§ **Instructions for the task**
Could you transcribe every entry below exactly, leaving out the pictures?
** Input for this task follows **
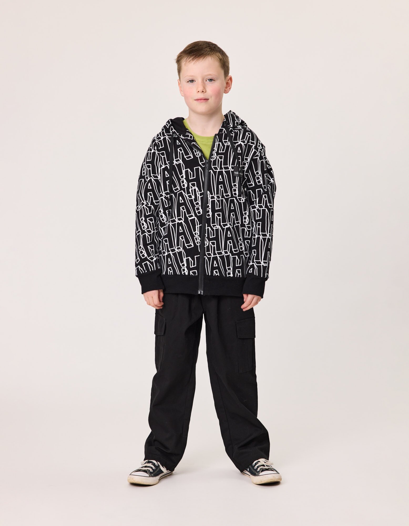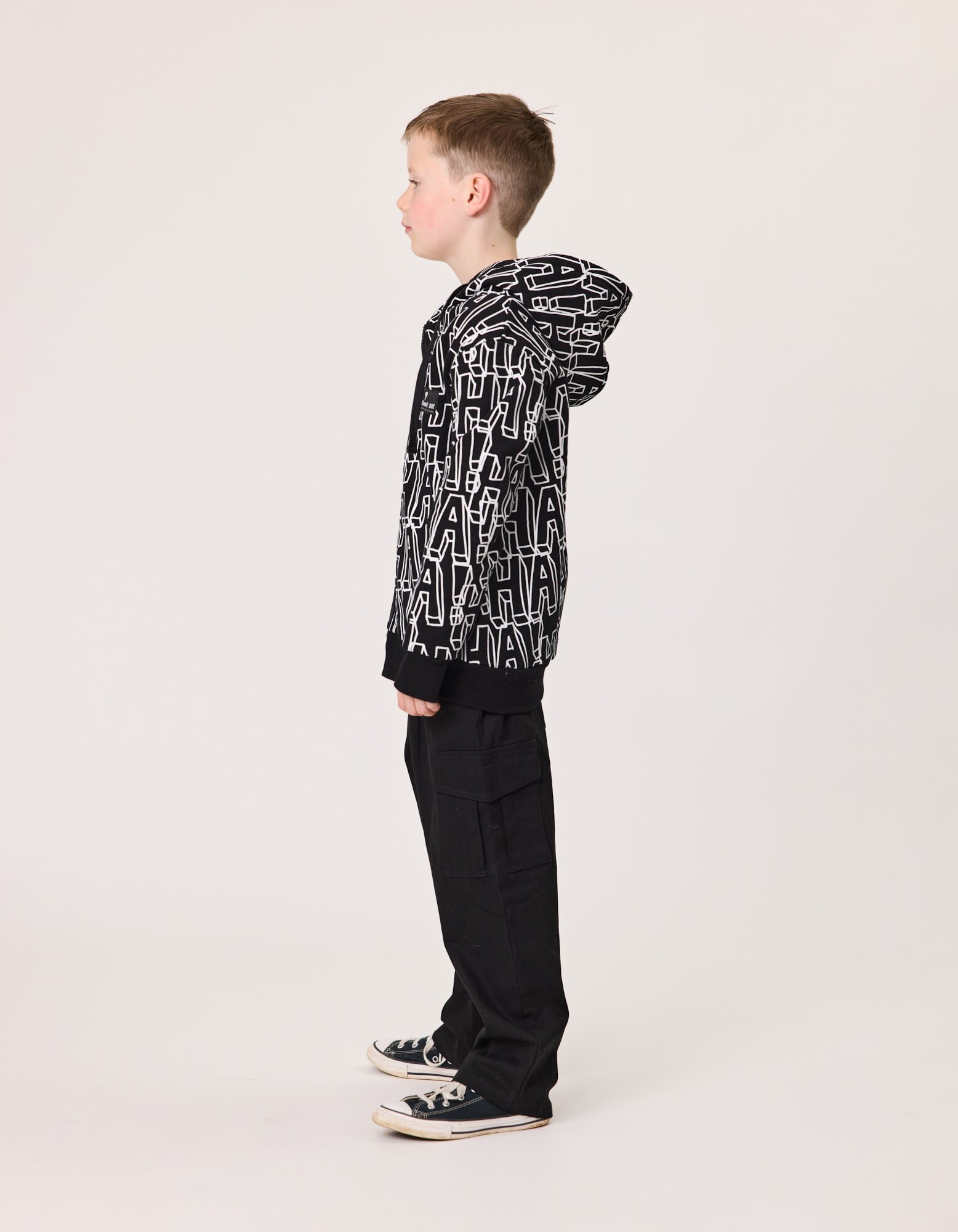 'HA!' yardage print in white
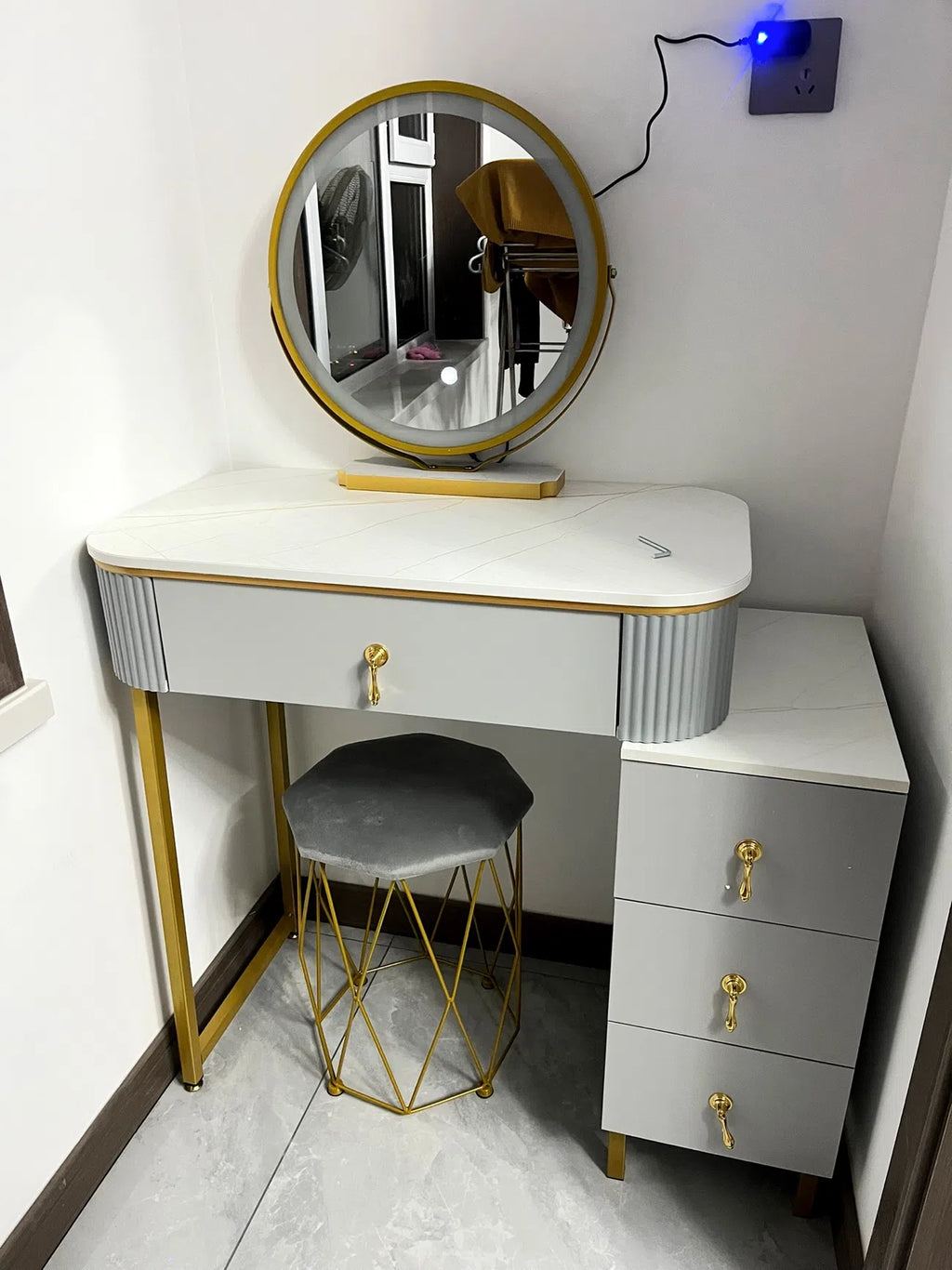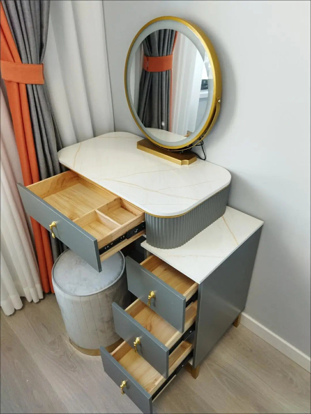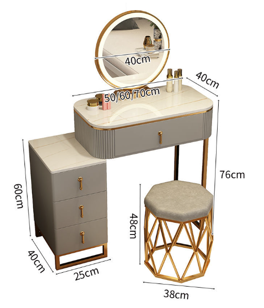including : dressing table, mirror, Chair , and storage cabinet
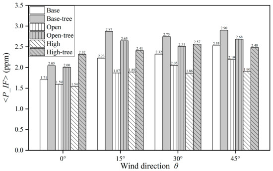 Figure 8a,b and Table A6 summarise the mean CO concentration (C) at the pedestrian level (z = 2 m) in Region A1 (<CO>A1) and A2 (<CO>A2). The impacts of three building configurations, tree planting and wind directions (θ = 0°, 15°, 30° and 45°) are quantitatively assessed.
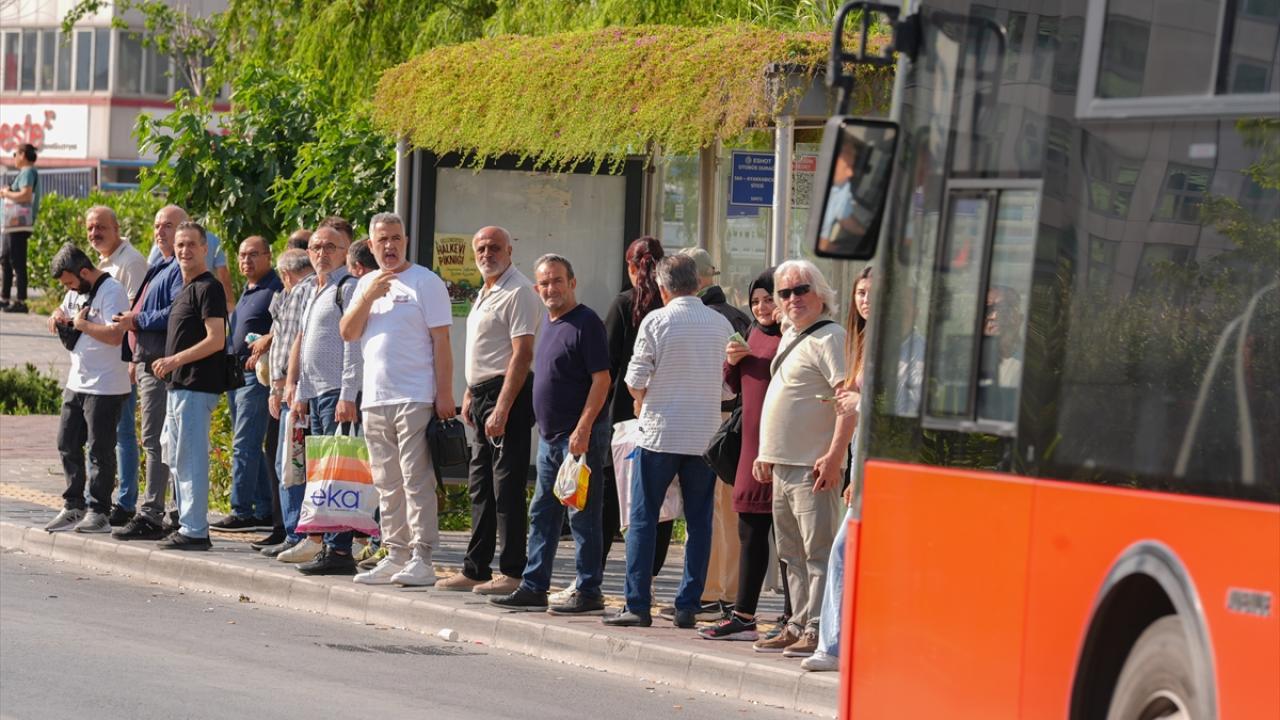 Grev nedeniyle şehir içi ulaşımda önemli bir görev üstlenen ESHOT otobüslerinin tamamına yakını kontak kapatınca duraklarda kuyruk oluştu.
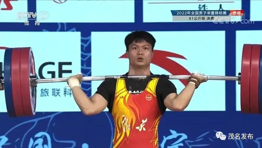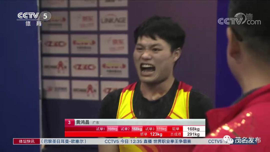 黃鴻昌第一次試舉雖然舉起了杠鈴,但因為手肘屈伸被判試舉失敗。緊接的第二次試舉中,黃鴻昌及時調整狀態,穩穩舉起168公斤的杠鈴,試舉成功后的黃鴻昌興奮地揮拳慶祝。
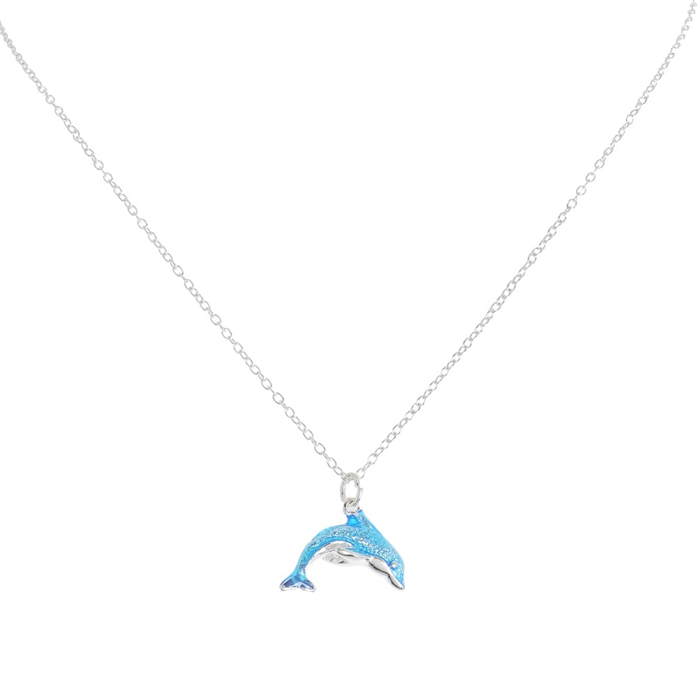 SEA LIFE BLUE DOLPHIN ENAMEL COATED ADJUSTABLE PENDANT NECKLACE IN SILVER TONE METAL
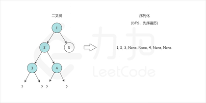 我们来模仿一下力扣的记法。 比如:[1,2,3,null,null,4,5](本质上是 BFS 层次遍历),对应的树如下:
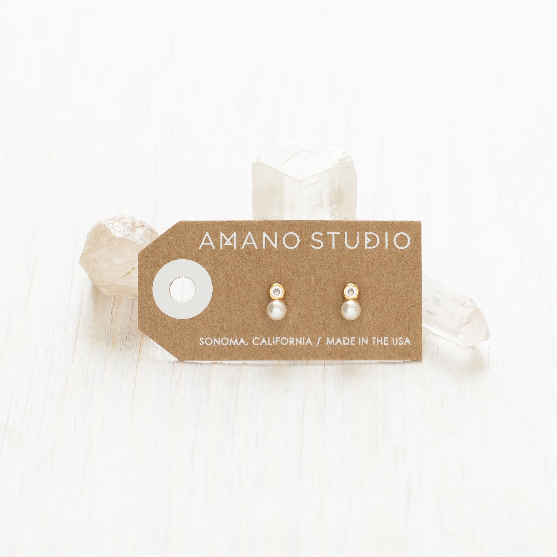 The cutest pair of studs combining two of best selling elements: pearls and crystals. Great for everyday, work and into the evening. 14k gold over brass, Czech crystal, synthetic pearl. Designed in our Sonoma California studio
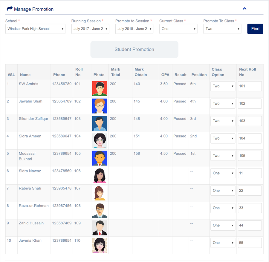 - First select the Academic Year, Class, and Section
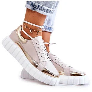 S. Barski Damskie Półbuty Na Platformie Beżowo-Złote Noriso be
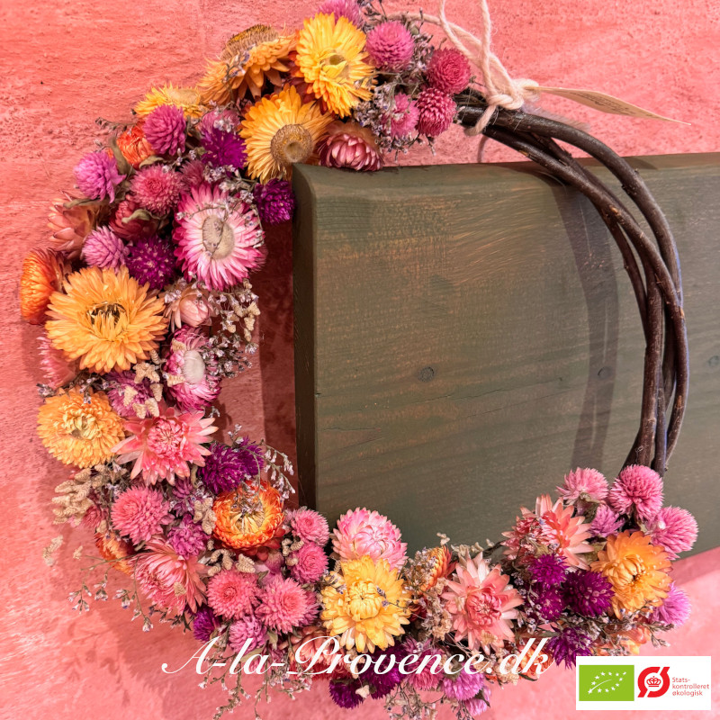 Chantall, økologisk evighedskrans bundet af bæredygtige tørrede blomster vi selv har dyrket på egen mark. Kransen måler ca 28 cm i diameter. Kransen er bundet på pilegrene med ungkarleknap, staude statice, liden græs og evighedsblomst.
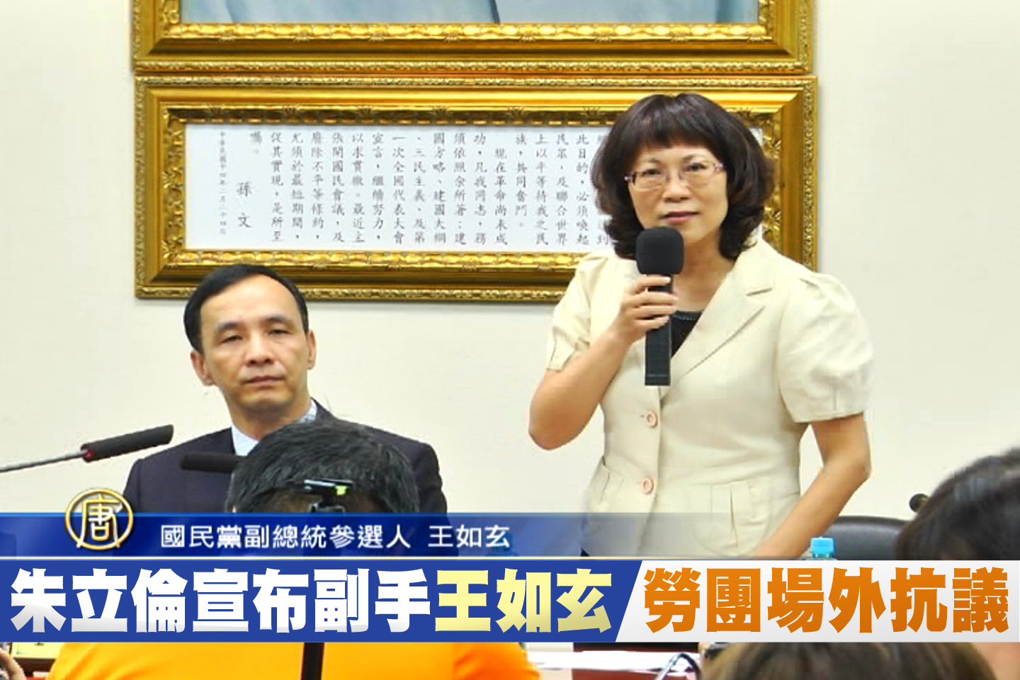 朱立倫宣布副手王如玄 勞團場外抗議
** End of Input for this task **
§ **Solution below**
 'HA!' yardage print in white
including : dressing table, mirror, Chair , and storage cabinet
 Figure 8a,b and Table A6 summarise the mean CO concentration (C) at the pedestrian level (z = 2 m) in Region A1 (<CO>A1) and A2 (<CO>A2). The impacts of three building configurations, tree planting and wind directions (θ = 0°, 15°, 30° and 45°) are quantitatively assessed.
 Grev nedeniyle şehir içi ulaşımda önemli bir görev üstlenen ESHOT otobüslerinin tamamına yakını kontak kapatınca duraklarda kuyruk oluştu.
 黃鴻昌第一次試舉雖然舉起了杠鈴,但因為手肘屈伸被判試舉失敗。緊接的第二次試舉中,黃鴻昌及時調整狀態,穩穩舉起168公斤的杠鈴,試舉成功后的黃鴻昌興奮地揮拳慶祝。
 SEA LIFE BLUE DOLPHIN ENAMEL COATED ADJUSTABLE PENDANT NECKLACE IN SILVER TONE METAL
 我们来模仿一下力扣的记法。 比如:[1,2,3,null,null,4,5](本质上是 BFS 层次遍历),对应的树如下:
 The cutest pair of studs combining two of best selling elements: pearls and crystals. Great for everyday, work and into the evening. 14k gold over brass, Czech crystal, synthetic pearl. Designed in our Sonoma California studio
 - First select the Academic Year, Class, and Section
 S. Barski Damskie Półbuty Na Platformie Beżowo-Złote Noriso be
 Chantall, økologisk evighedskrans bundet af bæredygtige tørrede blomster vi selv har dyrket på egen mark. Kransen måler ca 28 cm i diameter. Kransen er bundet på pilegrene med ungkarleknap, staude statice, liden græs og evighedsblomst.
 朱立倫宣布副手王如玄 勞團場外抗議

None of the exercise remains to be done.